_Data segment_.

=== Begin Enclosure ===

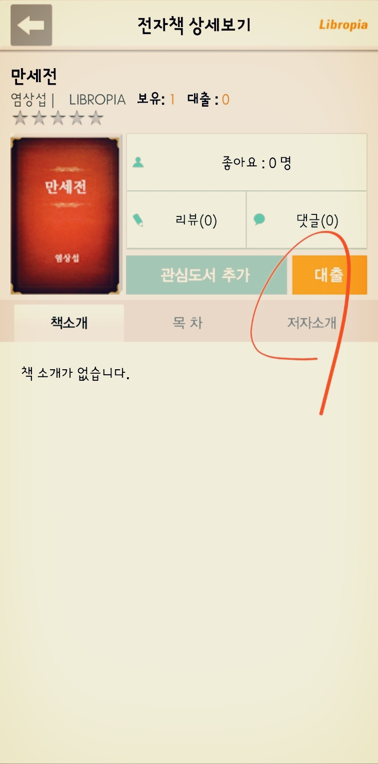 찾아진 전자책에서 '대출'을 선택합니다. 책이 다양하지는 않습니다. 기본 서비스의 한계입니다.
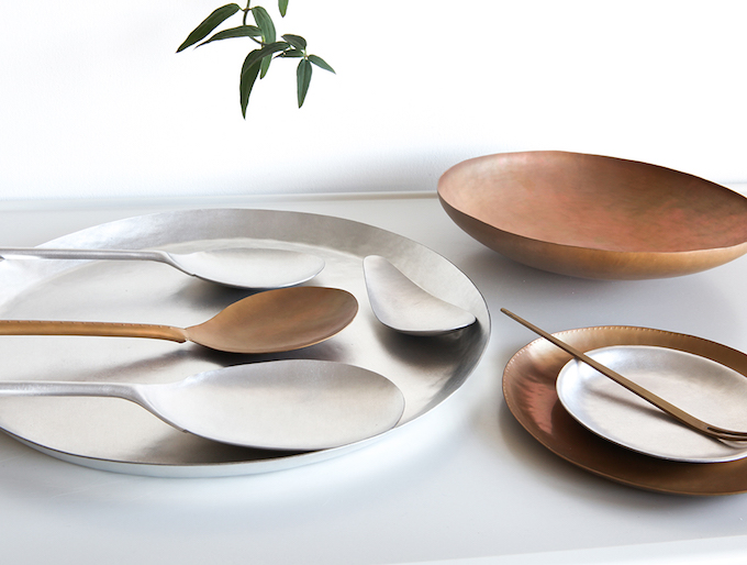 但身为女性,Naho Kamada给这些金属器皿带来了生活的温度。可以看到,不是散发着冰冷死板的工业气息,每一件器物表面都有细微的痕迹,那是手工制作留下的痕迹,带着些许生活气息。
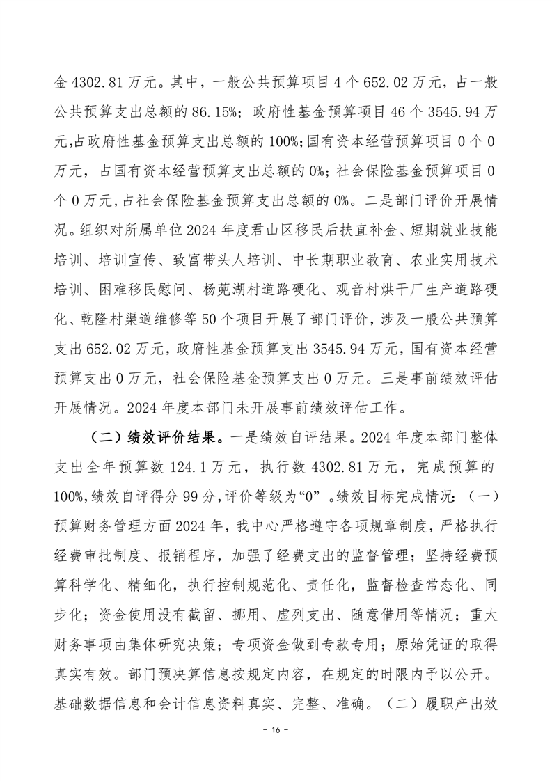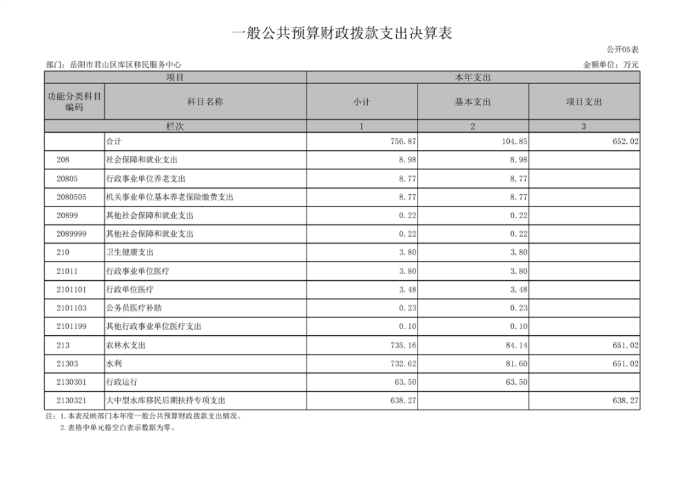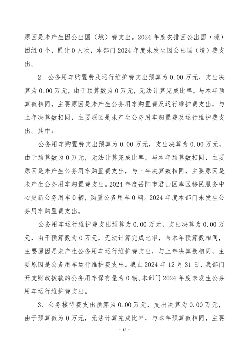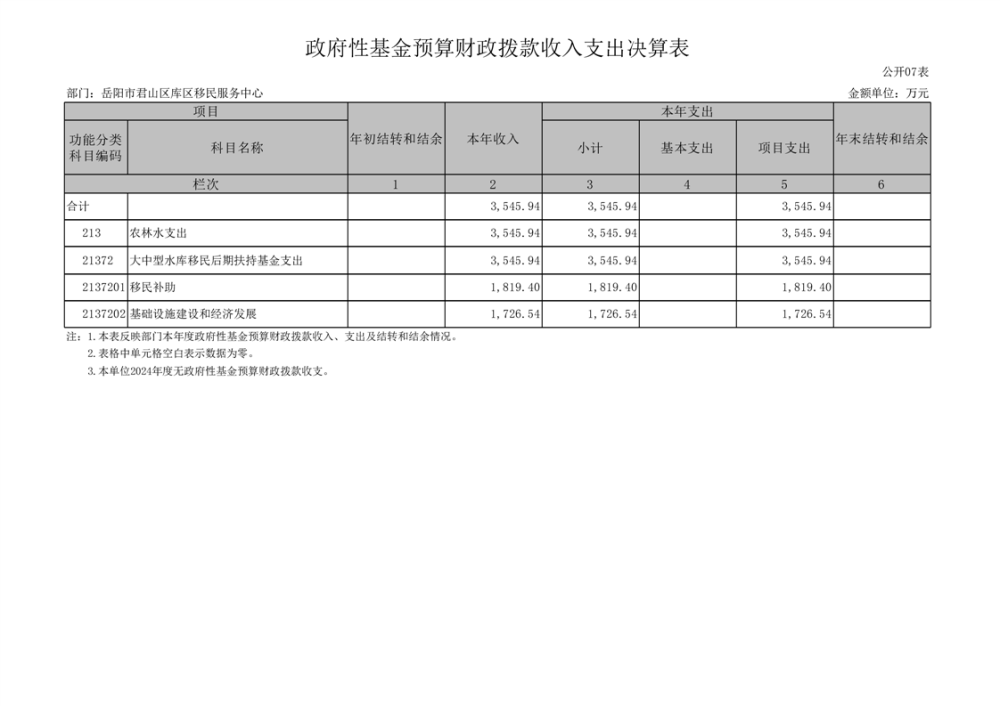 2024年度岳阳市君山区库区移民服务中心部门决算公开
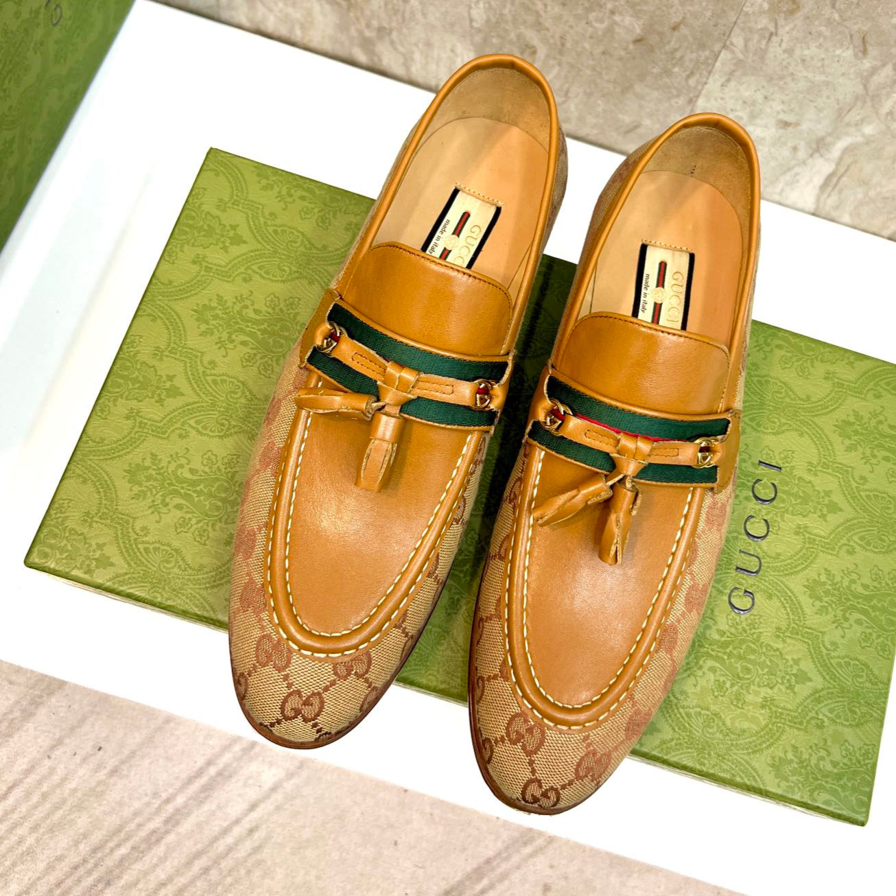 GG Men's Tassel Loafer Light Brown Cowhide Canvas 548743

=== End Enclosure ===

_What is required_.
Pictures stay out of the answer; the rest of the listing above is returned exactly.

_Exercise answer_.
 찾아진 전자책에서 '대출'을 선택합니다. 책이 다양하지는 않습니다. 기본 서비스의 한계입니다.
 但身为女性,Naho Kamada给这些金属器皿带来了生活的温度。可以看到,不是散发着冰冷死板的工业气息,每一件器物表面都有细微的痕迹,那是手工制作留下的痕迹,带着些许生活气息。
 2024年度岳阳市君山区库区移民服务中心部门决算公开
 GG Men's Tassel Loafer Light Brown Cowhide Canvas 548743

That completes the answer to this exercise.